A fellow member of the Australian Facilitator’s Network [AFN] posed some challenging questions online recently, about the preparations for the 100-year anniversary of the Gallipoli landing in 2015, and I felt compelled to respond.
He referred to the impending celebrations, citing comments already surfacing, that are critical of the nature of the events, the cost, the focus on heroism and the Australian ‘legend’ and the undue focus on one distant event that could detract from the work and sacrifices of current soldiers, and he sought reflections from others. He raised questions in me that I didn’t know existed and as Anzac Day is upon us, I thought I would post my response here as well.
I’ve been to Gallipoli, twice: the first time in 1980 when, as one of only four Aussi’s on one of those ubiquitous overland treks, I agreed to assume the role of tour leader and persuade the other 24 international ‘kids’ to travel out of their way to visit Anzac Cove. It was quite undeveloped at the time and we climbed straight up from the beach, scrambling over the detritus of that war, falling into gorse bushes, confronting the gun emplacements; and we came across a tiny graveyard of Australian Diggers, all incredibly young, far from the Lone Pine official cemetery. It was very moving, despite my reservations about war and heroism and military stupidity even then.
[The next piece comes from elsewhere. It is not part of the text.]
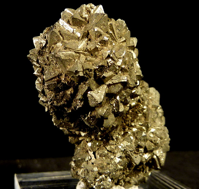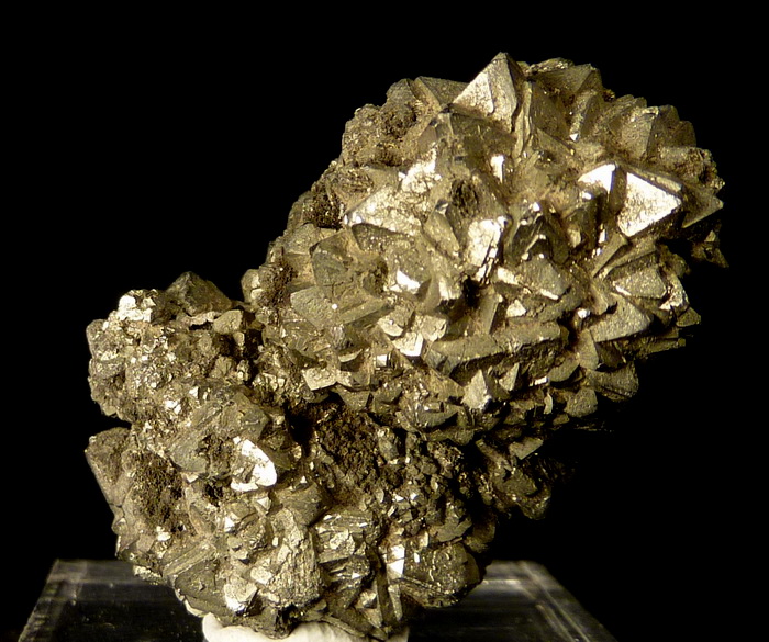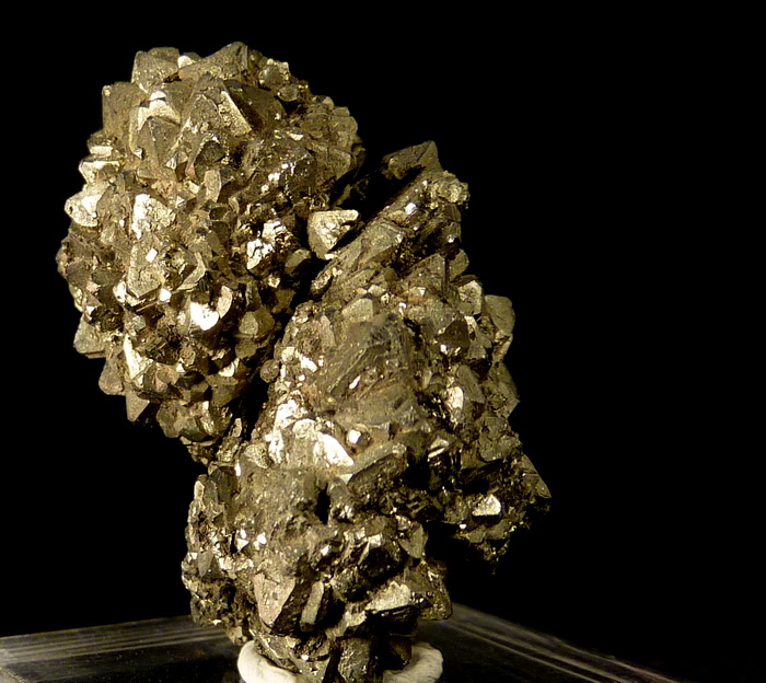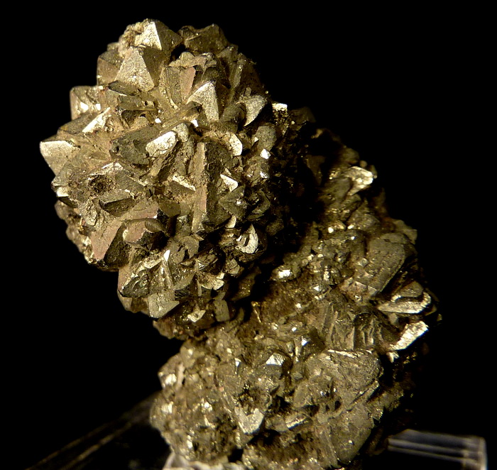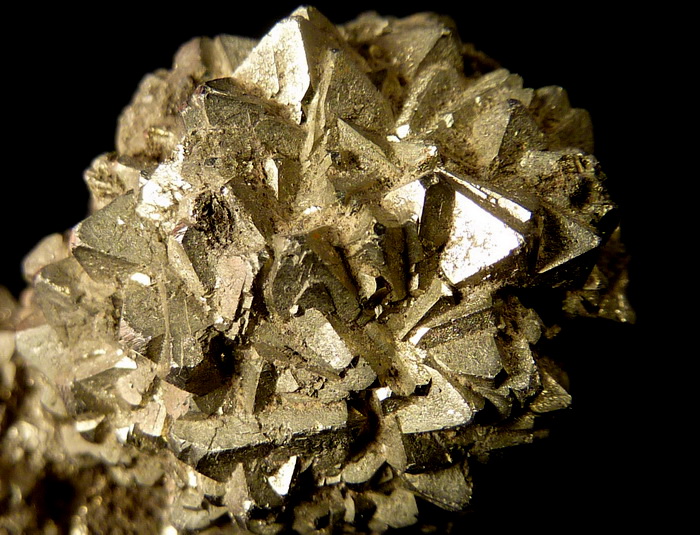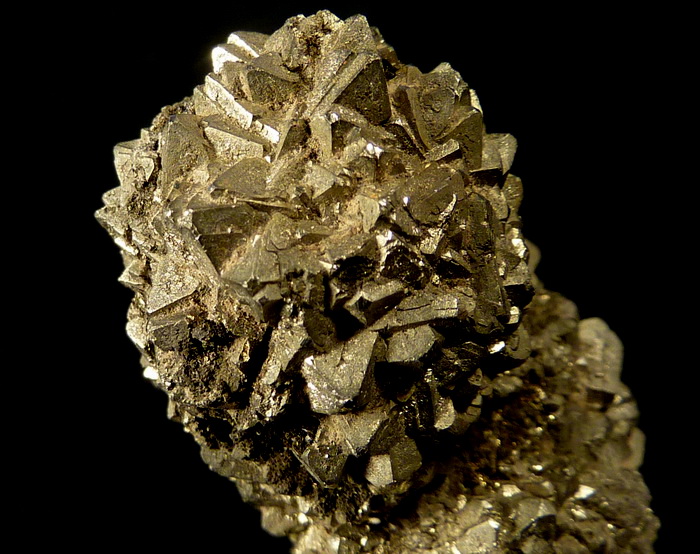 Ciekawy zrost błyszczących kryształów pirytu z dewońskich łupków z Gór Świętokrzyskich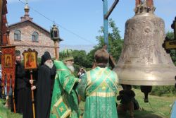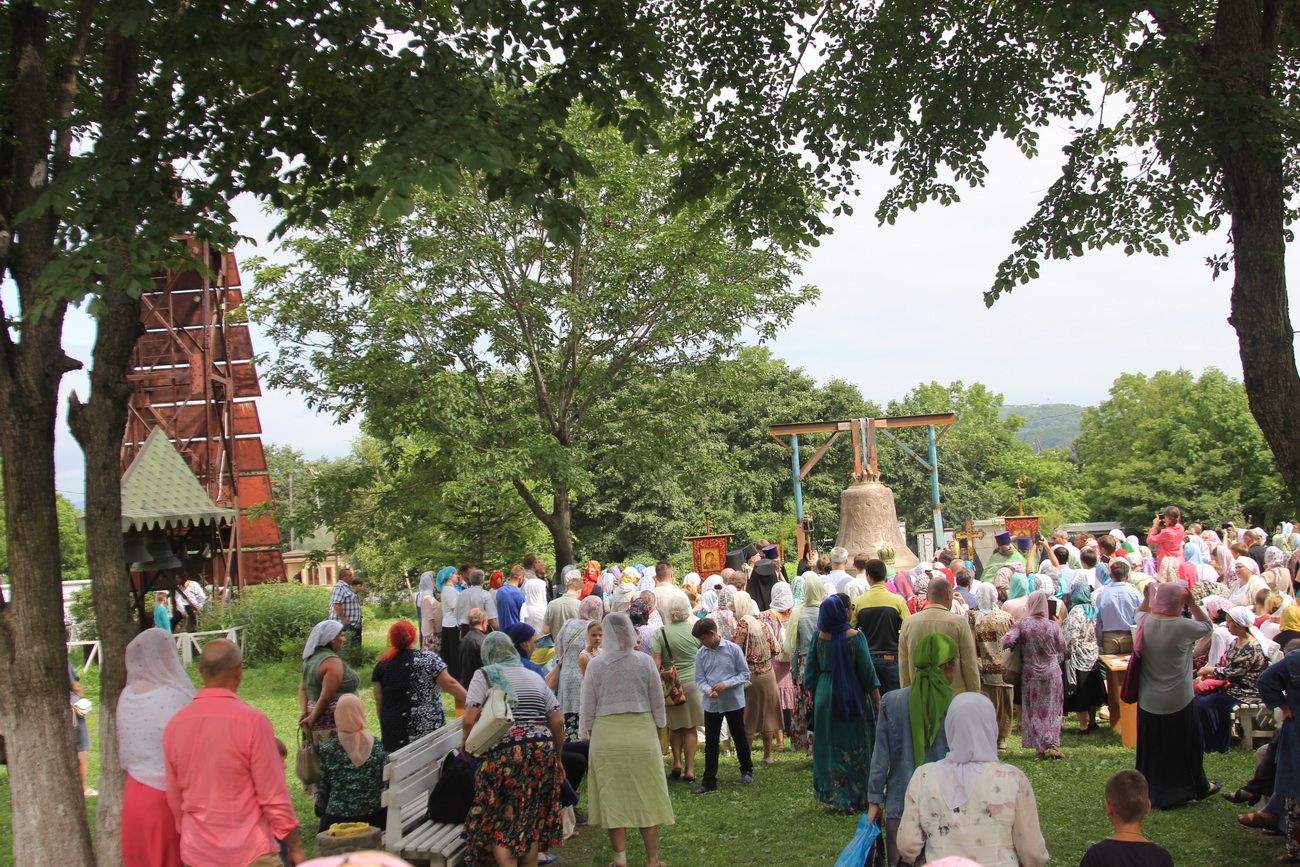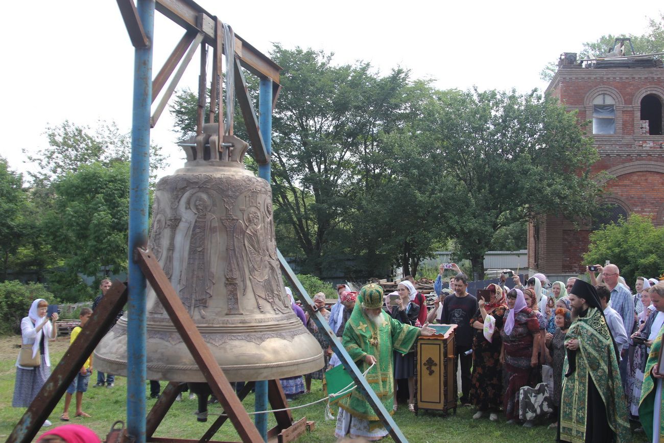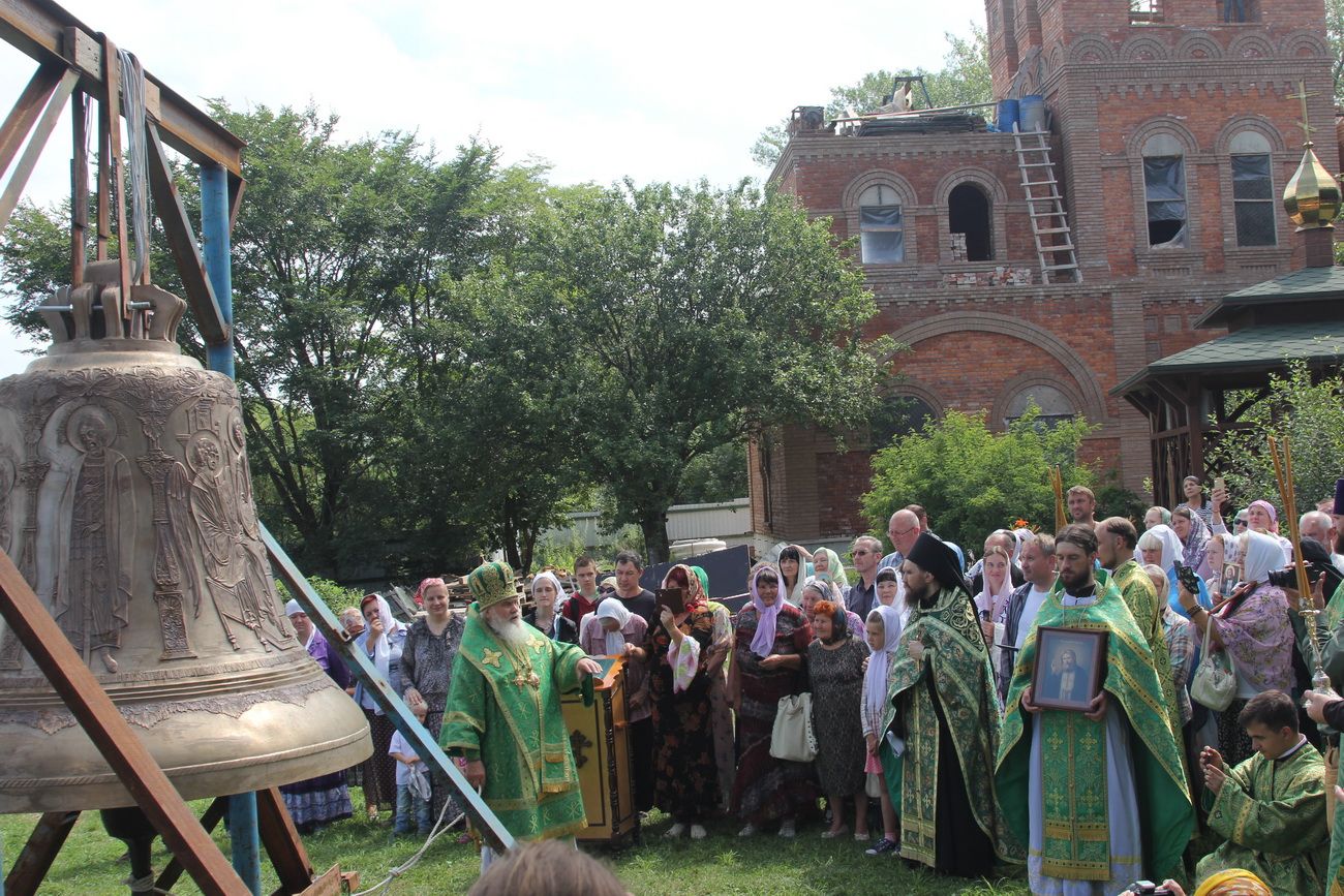 По окончании Божественной литургии митрополит Владивостокский и Приморский Вениамин совершил «Чин благословения кампана» – освящение колокола, главного благовестника для строящейся монастырской колокольни. Далее был совершён крестный ход вокруг монастырского храма святого Серафима Саровского. Обращаясь к паломникам митрополит Вениамин отметил, что этот колокол – самый большой в Приморье, он весит 5 тонн. Колокол заказанный для строящегося Преображенского собора на полтонны меньше. На освящённом колоколе отлиты иконы Святой Троицы, святого преподобного Серафима Саровского, святых Царственных страстотерпцев, и святого благоверного князя Александра Невского.

We went back there last New Year’s Eve and I must admit I expected crass commercialism. There wasn’t: tours are organised by Crowded House in the village of Eceabat some distance from Anzac Cove and the guide facilitated one of the most balanced and sensitive presentations I’ve ever experienced; there are a few places for people to gather, but in limited numbers; narrow roads carry buses past remains of trenches, the occasional memorial and tiny graveyards. The essential stark remoteness of the place remains, allowing you to feel the pointlessness of the exercise, despair at the unnecessary sacrifice of such young people and wonder at the courage it must have taken to face the daily onslaught so far from home. So many were from little country towns, probably just excited by the prospect of travel; so many young women left without partners for the rest of their lives.
I think the occasion can and should be remembered, without celebrating heroism, but with respect for what they sacrificed in all good faith and ignorance. Whether the tradition, the legend, is founded on myth or not, I don’t think it matters. There are plenty of legends that probably wouldn’t stand scrutiny. I can’t see that honouring this occasion, these soldiers, diminishes in any way the sacrifices of current day soldiers. And my attitude to war has not changed. If we let this occasion pass, leaving it to individual quiet contemplation, I wonder how many of us, in the busyness of life, would overlook or just forget the anniversary.
We have grown up with this legend and, rightly or wrongly, and I suspect this belief about what it means to be Australian is already a part of our psyche; perhaps the evidence for that lies in the increasing numbers who turn up for the Dawn Service. I’m sure most of us don’t quite measure up to the image in our minds; well, I don’t, but nor do I want the image shattered at this time either.
There were so many questions raised for me: what does it mean to be Australian? Does remembering this event mean that deep down I applaud war? How will I respond when people talk at social events near to the day? I’m clearer about it now: I don’t want anyone going off to war; especially I don’t want them dying in far away places, in battles that have little or nothing to do with them. In any case they deserve respect for what they sacrificed.